Leave the pictures out and quote every line from the start of the listing to the line with "FIG. 1 illustrates", inclusive.

### [Supplied material]
==============================
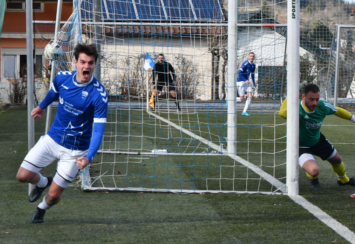 VfL-Innenverteidiger Maximilian Herberth (links) jubelt nach seinem Kopfballtreffer zum 2:0. Heimerdingens Torhüter Lukas Emmrich hat nicht nur in dieser Situation das Nachsehen.
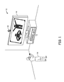 FIG. 1 illustrates one embodiment of a tracking system with a user interacting with an application.
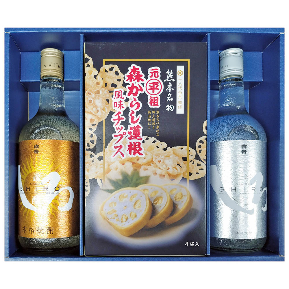 白岳 謹醸しろ(金しろ) 25度 720ml、白岳 吟麗しろ(銀しろ) 25度 720ml、森からし蓮根風味チップス(箱) 20g×4
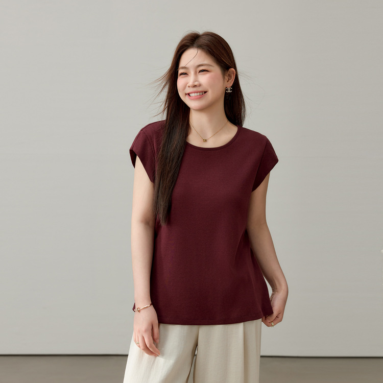 Kaus Ukuran Besar Lengan 3/4 Katun Murni Musim Panas 2025 Kaus Dalaman Longgar Lengan Pendek Wanita Atasan Terlihat Kurus Warna Polos Dalaman
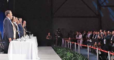 En el presidium de honor participaron la Presidenta de México, Claudia Sheinbaum Pardo; el Gobernador de Nuevo León, Samuel García Sepúlveda; el Secretario de Economía, Marcelo Ebrard Casaubón; así como Altagracia Gómez, Coordinadora del Consejo Asesor de Desarrollo Económico de la Presidencia.
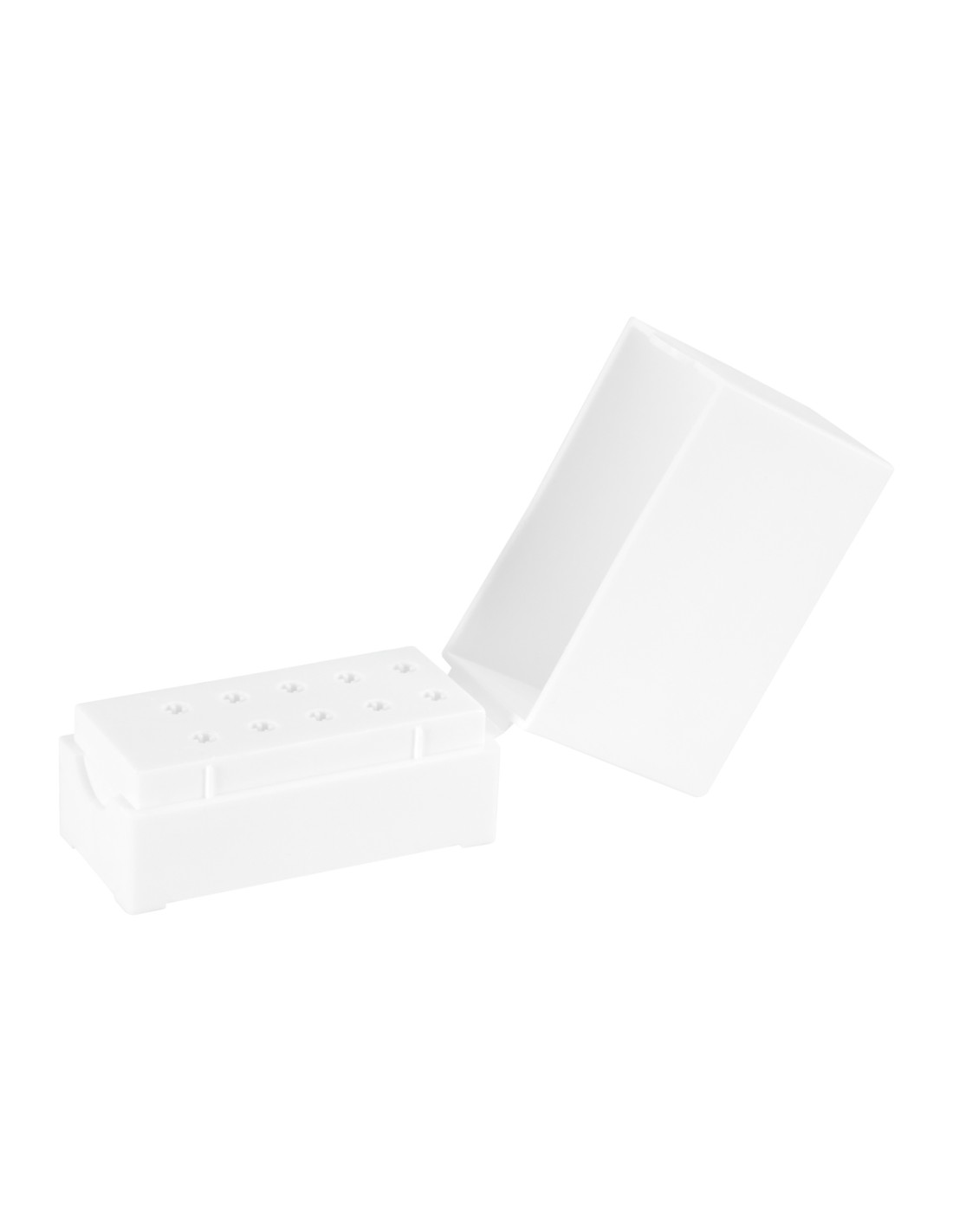 Il pratico supporto per frese EXO è dotato di 10 fori per riporre e organizzare facilmente le frese necessarie per la manicure. Il supporto in plastica con coperchio protegge dall'accumulo di polvere e altre impurità, mantenendo così l'igiene. Il supporto robusto e stabile manterrà gli strumenti per la manicure più ordinati e organizzati.
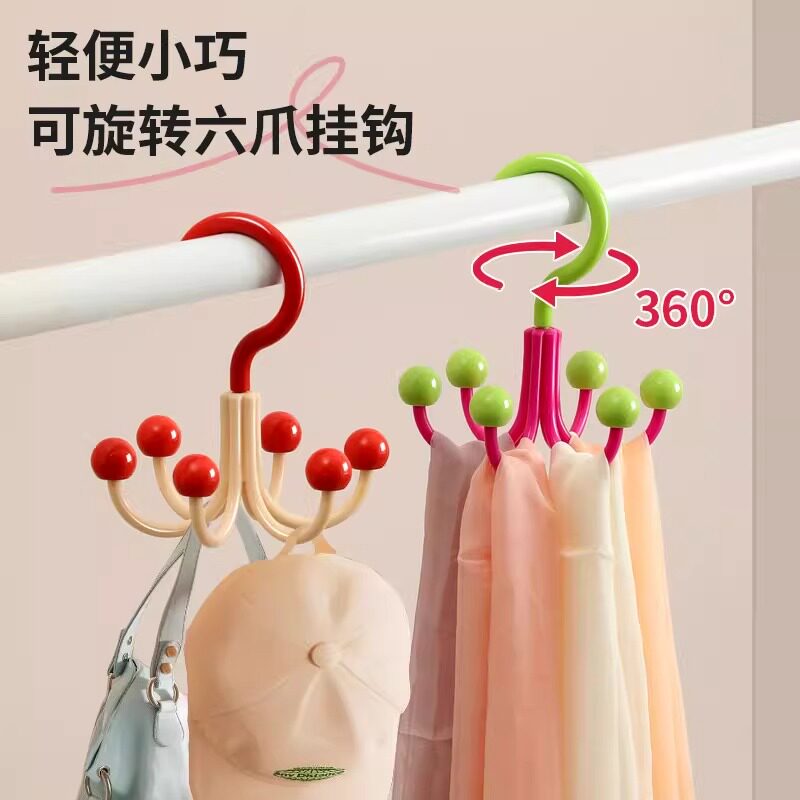 📚 六爪挂钩360度旋转衣柜挂包架多功能内衣架吊带包包衣帽收纳挂勾
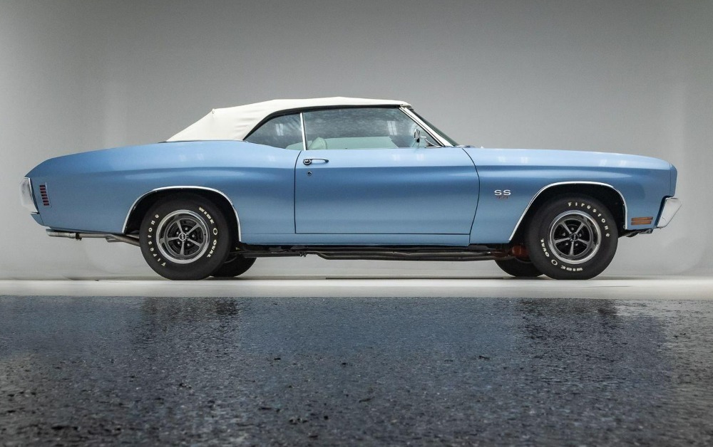 The Chevelle rides on SS wheels fitted with Firestone raised white-letter radial Wide Oval tires, completing the car’s authentic muscle car stance. With its powerful LS6 engine, manual transmission, and carefully restored condition, this convertible represents a standout example of Chevrolet’s legendary Super Sport lineup from 1970.
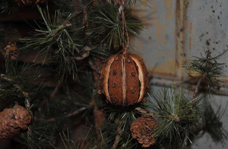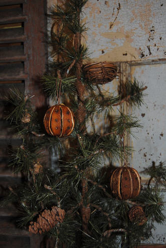 Like our clove studded bowl fillers these are our slit orangesthat we have carefully studded with clove. These areornaments for the tree and the hanger is made using cording.Perfect primitive tree ornament.
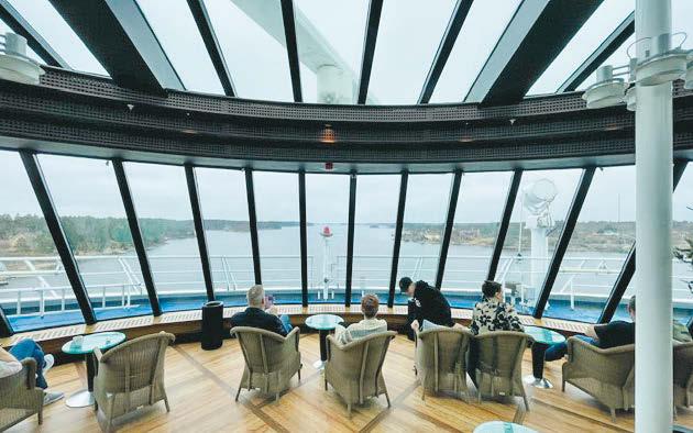 Många barer fanns runt om på fartyget, så det är bara att slå sig ner. Dansband spelade på flera ställen och en dans- och musikgrupp showade på kvällen. Det fanns något för alla som gillade att dansa – disko också. Panoramasalongen i fören var bokstavligen en höjdare där man fick god blick över skärgården när man gled fram. Frukostbuffén var också rejäl, inte mycket saknades. Bland det bästa var den nyrenoverade SPA-avdelningen med
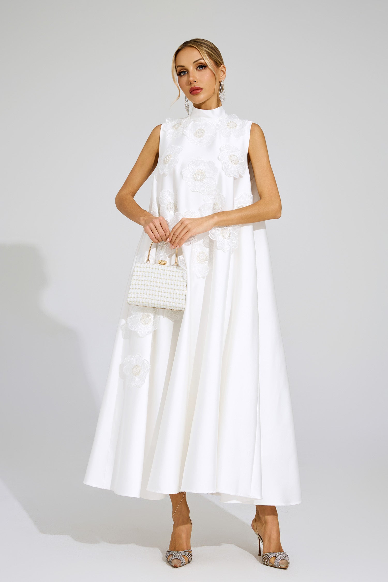 Design Details: This voluminous A-line dress features a high neckline and sleeveless silhouette, adorned with soft white floral appliqués along the front. The back is finished with an elegant oversized bow tie and a flowing cape-like structure, adding refined drama and sophistication to the silhouette. The floral details are lightly beaded at the center, catching light subtly.
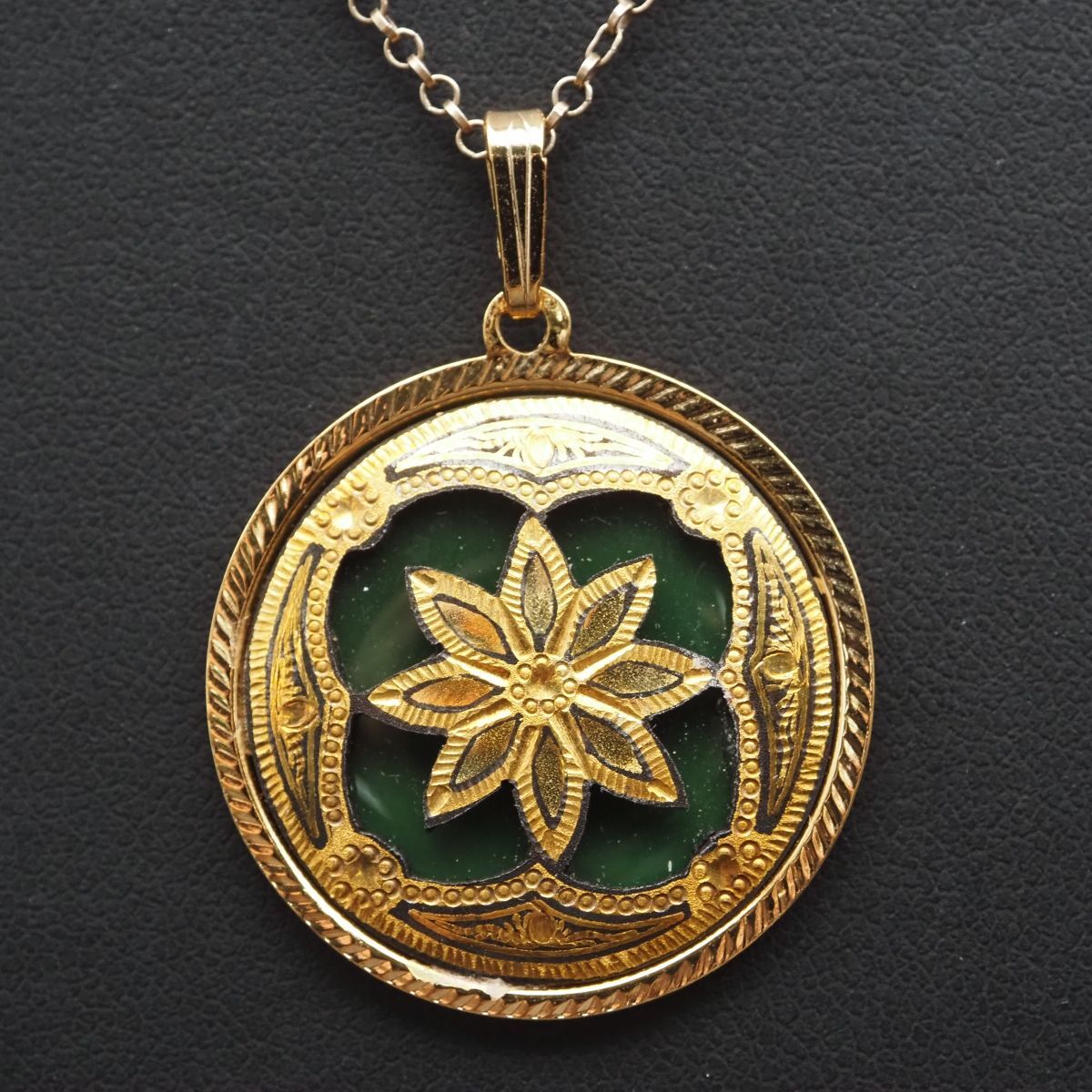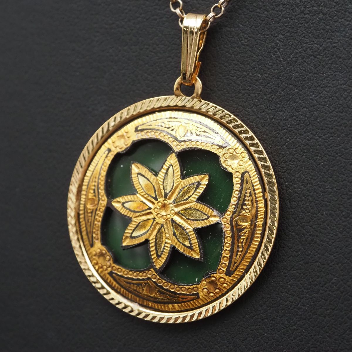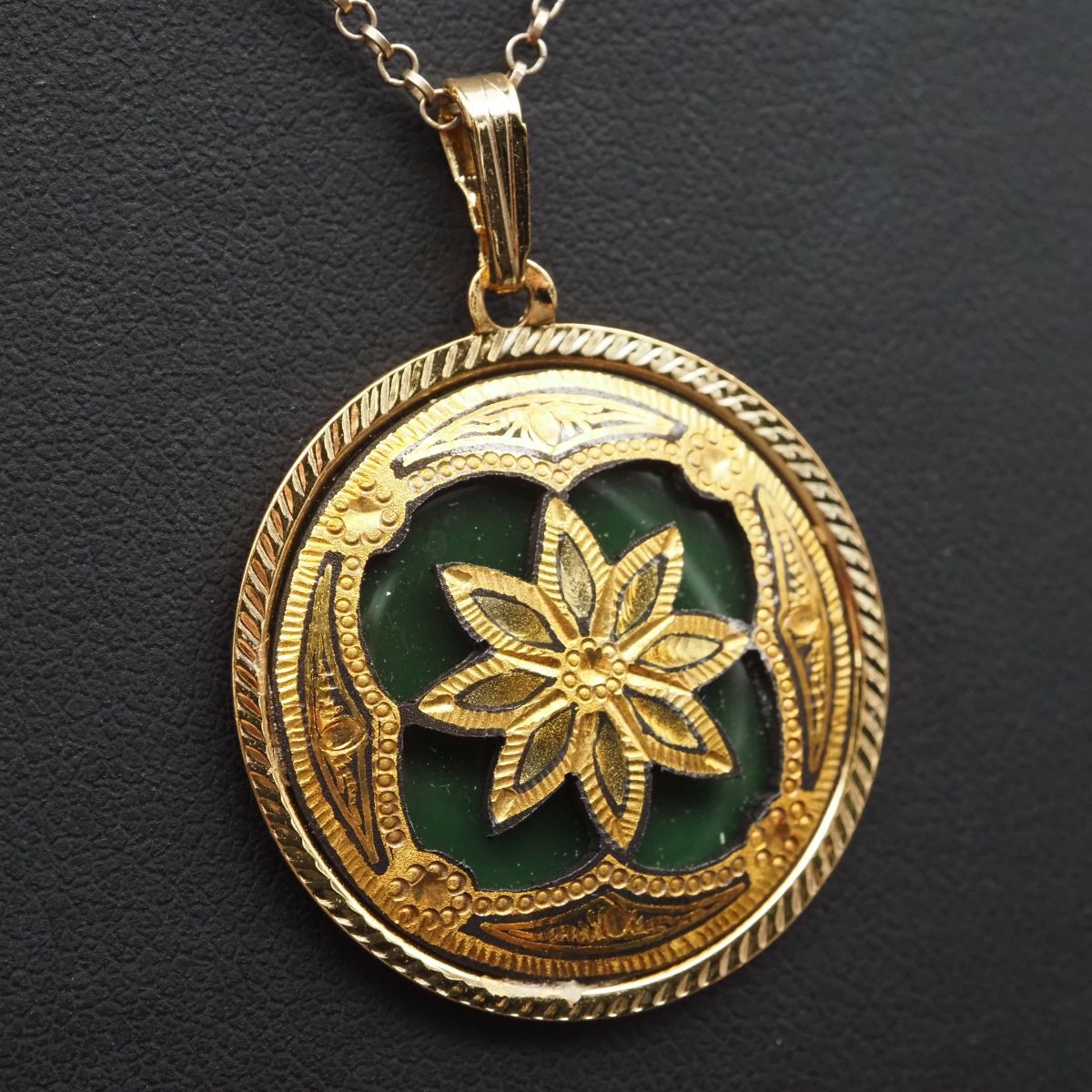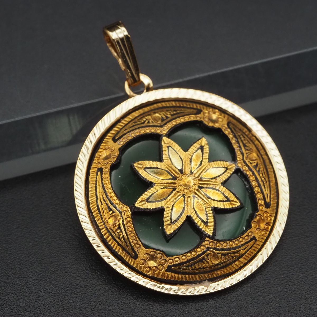 G182 金工 象嵌 ペンダント トップ 幾何学模様 ゴールド デザイン チャーム ヘッド
==============================
### [Task result]
 VfL-Innenverteidiger Maximilian Herberth (links) jubelt nach seinem Kopfballtreffer zum 2:0. Heimerdingens Torhüter Lukas Emmrich hat nicht nur in dieser Situation das Nachsehen.
 FIG. 1 illustrates one embodiment of a tracking system with a user interacting with an application.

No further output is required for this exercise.